余りにいきなりで以世はとっさに声をかけられませんでした。

「お待たせ」

 顔を出したのはモモでした。

 以世はモモの手招きに誘われて和室の中を覗いてみます。中では敷かれたブルーシートの上であぐらをかいた坊主もどきの六波羅が不機嫌そうに腕を組んでいました。

 …顔色はよくなりましたが別のところが悪くなっています。気分的な物が。一体どうしたのですか、あれ。以世が聞くとモモは笑います。

「だだこねてるだけさ。気にしないでいいよ」

 座ったままの六波羅など気にせずにモモはブルーシートを片付けにかかりました。容赦ないですね。

 六波羅大丈夫か? ちゃんと治ったか?

 以世が六波羅に近づいて尋ねますと、六波羅は以世の顔を険しい顔でじっと見ました。
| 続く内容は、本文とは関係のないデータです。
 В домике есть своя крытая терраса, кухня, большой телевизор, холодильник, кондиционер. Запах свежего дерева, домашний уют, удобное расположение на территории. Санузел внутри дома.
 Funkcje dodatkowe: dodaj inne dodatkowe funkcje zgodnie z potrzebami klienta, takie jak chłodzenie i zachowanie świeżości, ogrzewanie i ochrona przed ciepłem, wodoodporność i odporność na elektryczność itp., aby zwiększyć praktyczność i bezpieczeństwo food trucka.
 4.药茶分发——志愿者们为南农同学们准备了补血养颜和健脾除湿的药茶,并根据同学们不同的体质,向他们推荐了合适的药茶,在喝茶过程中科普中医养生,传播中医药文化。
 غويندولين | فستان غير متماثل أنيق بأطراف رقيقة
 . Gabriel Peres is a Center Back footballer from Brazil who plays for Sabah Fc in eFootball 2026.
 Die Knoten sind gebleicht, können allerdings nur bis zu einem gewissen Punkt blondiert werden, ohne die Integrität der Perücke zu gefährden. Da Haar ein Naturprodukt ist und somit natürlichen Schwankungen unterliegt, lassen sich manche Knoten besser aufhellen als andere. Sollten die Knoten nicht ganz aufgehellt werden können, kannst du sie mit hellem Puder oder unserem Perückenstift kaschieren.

何か言おうと口を開きますが、何か考え込んでしまいます。

 まだどっか悪いのか?

 六波羅は以世の言葉に苦笑しますと以世の頭をなでる素振りをしながら言いました。

「…なに、大事ない。心配をかけたな以世」

 そういえばごくごく自然に撫でられている以世ですが、もしかして子供扱いされてますか?

「何を今更、以世は奴の孫のようなものだぞ」

 その一言を聞いて以世はこんにゃろと思いましたが、一緒に聞いていたモモは笑います。

「ひどい祖父さんだな」

 そこまでひどいこともない気がしますが…。そういえば、六波羅が毒を盛られていたというのは、その、結局どういうことだったんですか? 食べていたのは妖怪だったのに…。あいつらは毒持ちの妖怪だったんでさすか? 以世が尋ねますと、モモはちらりと六波羅をみやります。

「言ってもかまわぬぞ」

 六波羅がそういうのをきくと、モモは軽く息をついて畳みきったブルーシートを小脇に抱えました。
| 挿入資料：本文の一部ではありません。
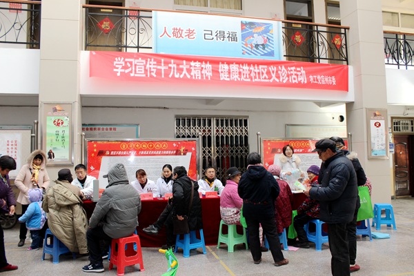 活动现场,社区门口摆放了学习中共十九大精神图解、居民健康教育处方等宣传展板,在社区活动中心,来自心内科、骨科、眼科、妇产科、儿科、泌尿科、外科等科室的十一位医疗专家,为社区的居民的免费提供量血压、测血糖等医疗服务,解答居民们健康咨询,宣传并发放疾病预防、健康保健知识材料。
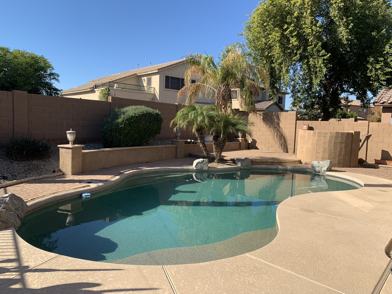 16426 N 152nd Lane, Surprise, AZ is a 4 bedroom, 2 bathrooms apartment for rent. It is located in the Orchards neighborhood of Surprise. It has apartment amenities including central heat, walk-in closets, dishwasher, air conditioning, ceiling fan, in-unit laundry, carpet, fireplace, high ceilings, and outdoor space. Dogs are allowed, making it a pet-friendly apartment.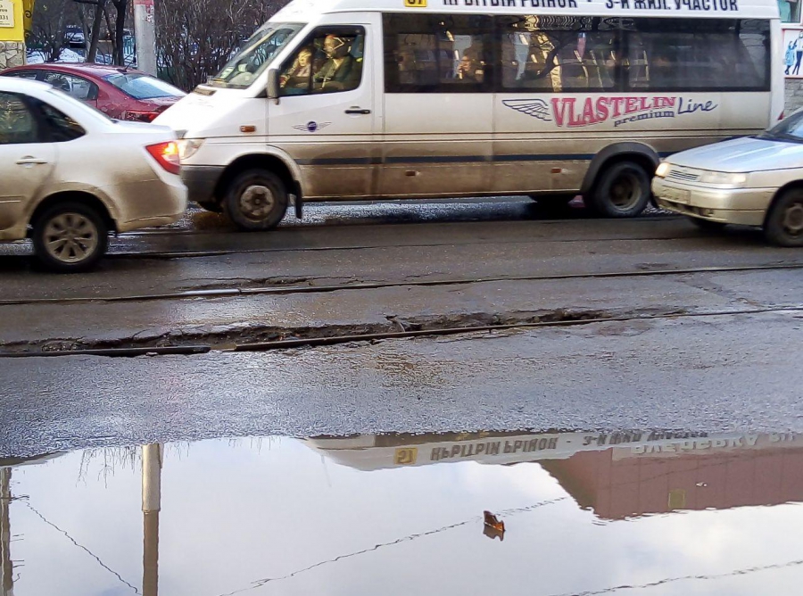 Ямы вдоль трамвайных путей и на межрельсовом пространстве начали появляться на улице Степана Разина сразу после ремонта дороги в 2016 году. И регулярно появляются снова, несмотря на периодический ямочный ремонт.

「そういうのは自分で説明しろ…と言いたいが、その様子じゃ説明する気はさらさらないな」

「専門家がいるというのにわざわざ奴が説明する必要はあるまい?」

「困った爺さんだ」

 モモはリビングのほうから飛んできて肩にとまったカラスに「捨ててくれ」と頼んでブルーシートを託しました。開けた窓からブルーシートをくわえてえっちらおっちら飛んでいくカラスを見ながら、以世は今日は燃やせないゴミの日だったかしらと首をかしげました。

「まあ要するに」

 モモは窓の桟に腰掛けるように寄りかかります。

「誰かが六波羅が出てくる妖怪を食べることを見越して効くような毒を忍ばせたってことかな」

 モモさんが六波羅様の伝説を知っているなら七の家の関係者がそれを知っていてもおかしくありませんね。そういえば六波羅は最初妖怪を倒したときからなんだかおかしいっていってましたね。味が変だったんですか?

「…妙には妙だったが」

 六波羅には珍しく歯切れの悪い物言いです。

「…昨日の場所にいたあれ、あれは普通の妖怪じゃないのはわかってるな六波羅」

 モモの言葉に以世は驚いてしまいました。

「…うむ」

 妖怪ってあんなもんじゃないのですか? 以世は六波羅とモモに尋ねます。

「君は他の妖怪見たこと無いのかい?」

 ありますよ、と以世は言いました。足っぽいのとか、腕っぽいのとか、肉っぽいのとか、鼻っぽいのとか、半魚人みたいのとか、植物もいましたね。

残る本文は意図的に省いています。